The records below must be transcribed exactly. Do not include the pictures.

(Stored items from a collection)
....................
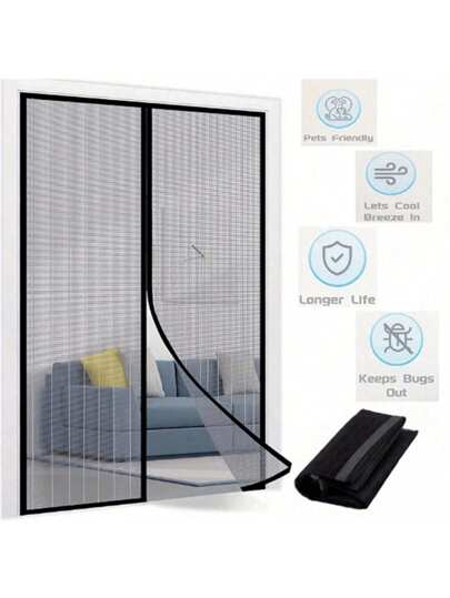 1 件磁性纱门 - 无缝闭合,重型,免提,防宠物 - 防风雨防虫屏障,适用于家庭和庭院 - 易于安装 - 黑色 - 查看 1
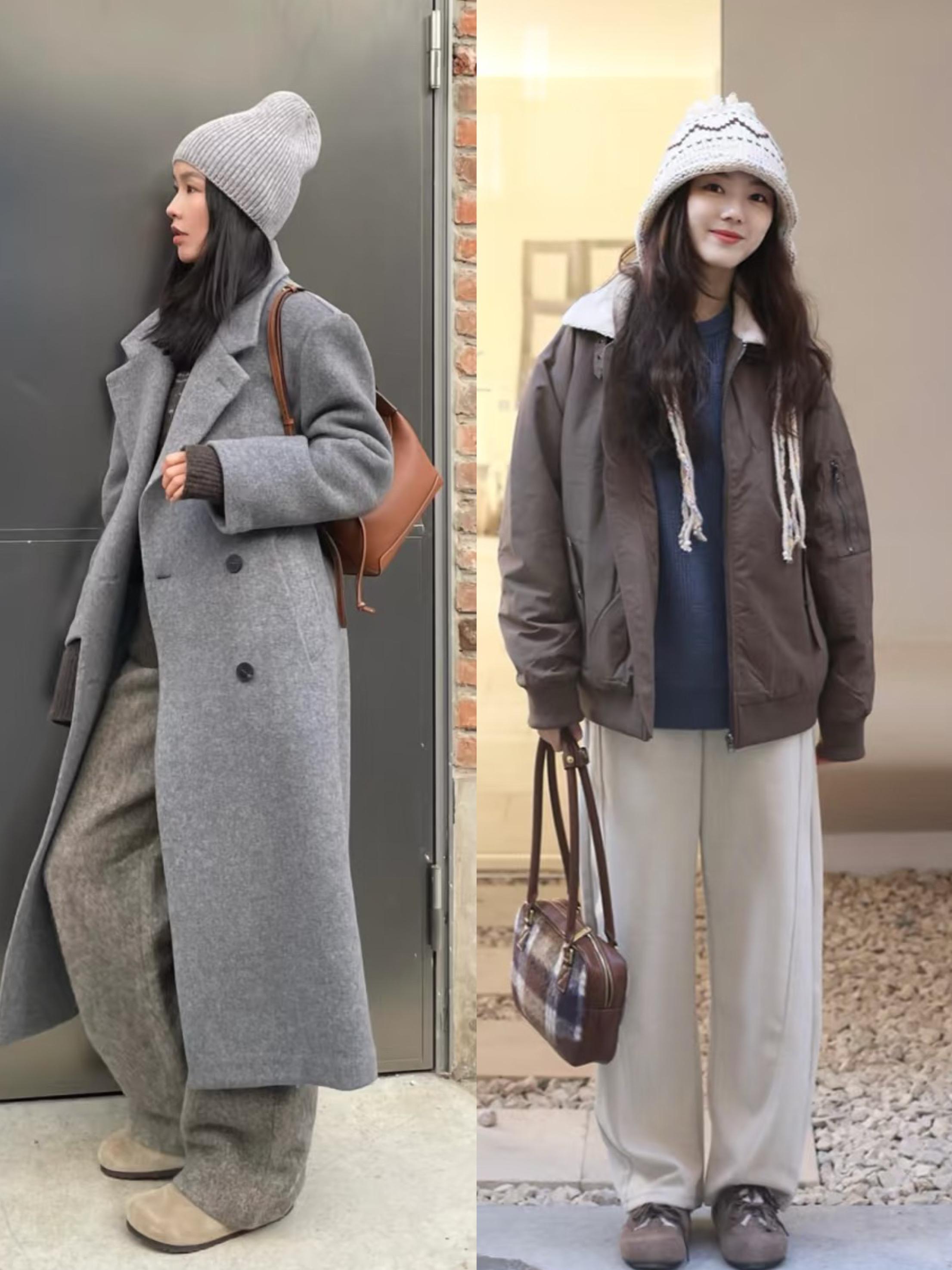 如果是個子比較高挑的女生,在這個冬天完全可以嘗試用拖地長度的直筒褲來凹造型,寬鬆的褲型、舒適又大氣。
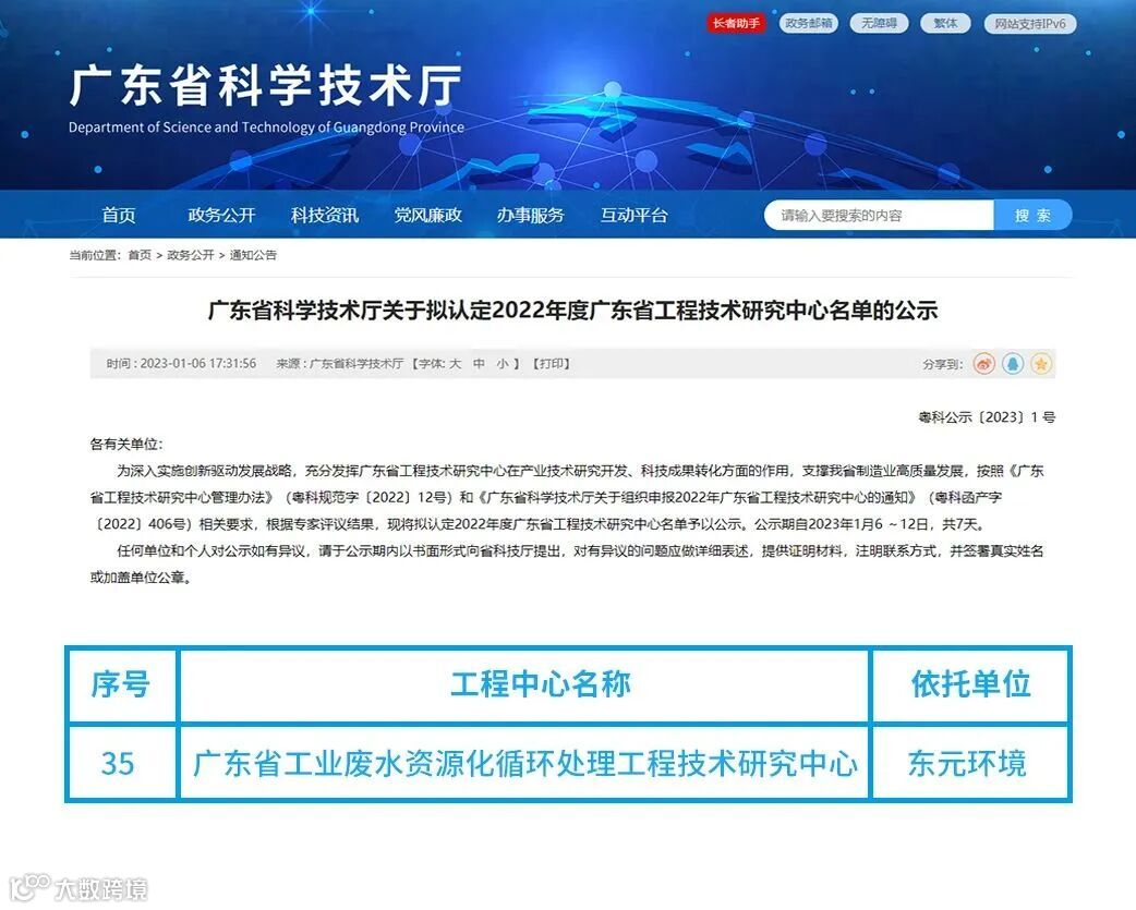 近日,2022年度广东省工程技术研究中心名单已公示,东莞东元环境科技股份有限公司荣获“广东省工业废水资源化循环处理工程技术研究中心”认定!
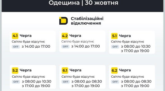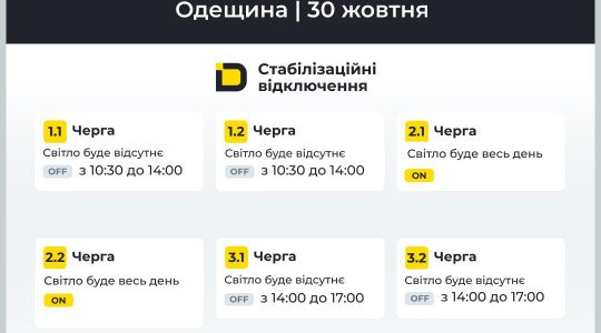 Як повідомляє прес-служба Одеської міської ради, згідно з розпорядженням НЕК «Укренерго», від сьогодні на Одещині запроваджуються стабілізаційні графіки відключень електроенергії.
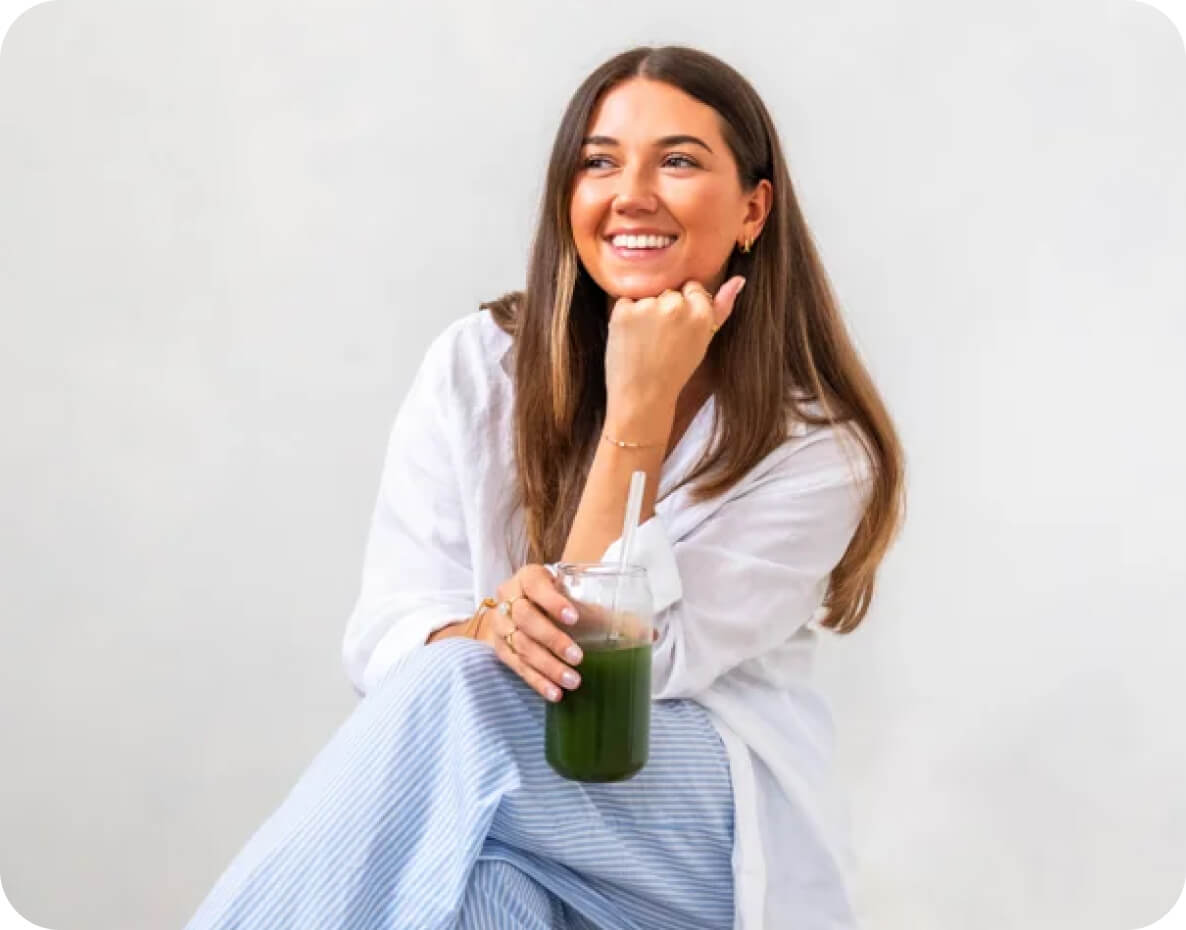 We love to enjoy our greens powder alongside a nutritious breakfast in the morning, but you can also enjoy it as a midday boost! Simply mix a heaped teaspoon (5g) into a glass of cold water, with honey or lemon or add it to your smoothie.
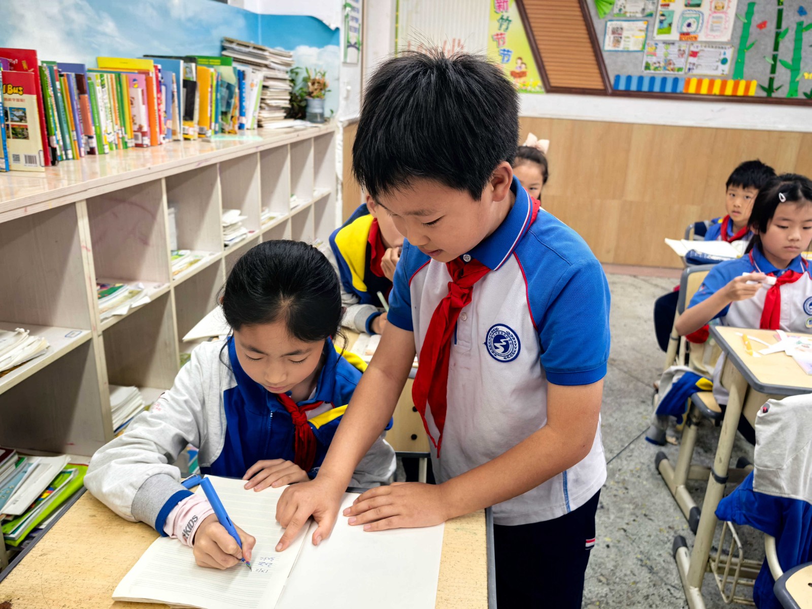 在学校里,见到老师,他会主动立正,鞠躬说:“老师好。”见到同学,他会主动打招呼。课间,他从不在走廊追逐打闹,而是靠右慢行,保持安静,不打扰其他班级的同学学习。看到地上有纸屑,他会主动捡起来扔进垃圾桶。看到同学有题目不会做,他会耐心地讲解自己的思路。他还积极参加班级的值日活动,把黑板擦得干干净净,把讲台整理得整整齐齐,让老师和同学有一个舒适的学习环境。
....................
Result -
 1 件磁性纱门 - 无缝闭合,重型,免提,防宠物 - 防风雨防虫屏障,适用于家庭和庭院 - 易于安装 - 黑色 - 查看 1
 如果是個子比較高挑的女生,在這個冬天完全可以嘗試用拖地長度的直筒褲來凹造型,寬鬆的褲型、舒適又大氣。
 近日,2022年度广东省工程技术研究中心名单已公示,东莞东元环境科技股份有限公司荣获“广东省工业废水资源化循环处理工程技术研究中心”认定!
 Як повідомляє прес-служба Одеської міської ради, згідно з розпорядженням НЕК «Укренерго», від сьогодні на Одещині запроваджуються стабілізаційні графіки відключень електроенергії.
 We love to enjoy our greens powder alongside a nutritious breakfast in the morning, but you can also enjoy it as a midday boost! Simply mix a heaped teaspoon (5g) into a glass of cold water, with honey or lemon or add it to your smoothie.
 在学校里,见到老师,他会主动立正,鞠躬说:“老师好。”见到同学,他会主动打招呼。课间,他从不在走廊追逐打闹,而是靠右慢行,保持安静,不打扰其他班级的同学学习。看到地上有纸屑,他会主动捡起来扔进垃圾桶。看到同学有题目不会做,他会耐心地讲解自己的思路。他还积极参加班级的值日活动,把黑板擦得干干净净,把讲台整理得整整齐齐,让老师和同学有一个舒适的学习环境。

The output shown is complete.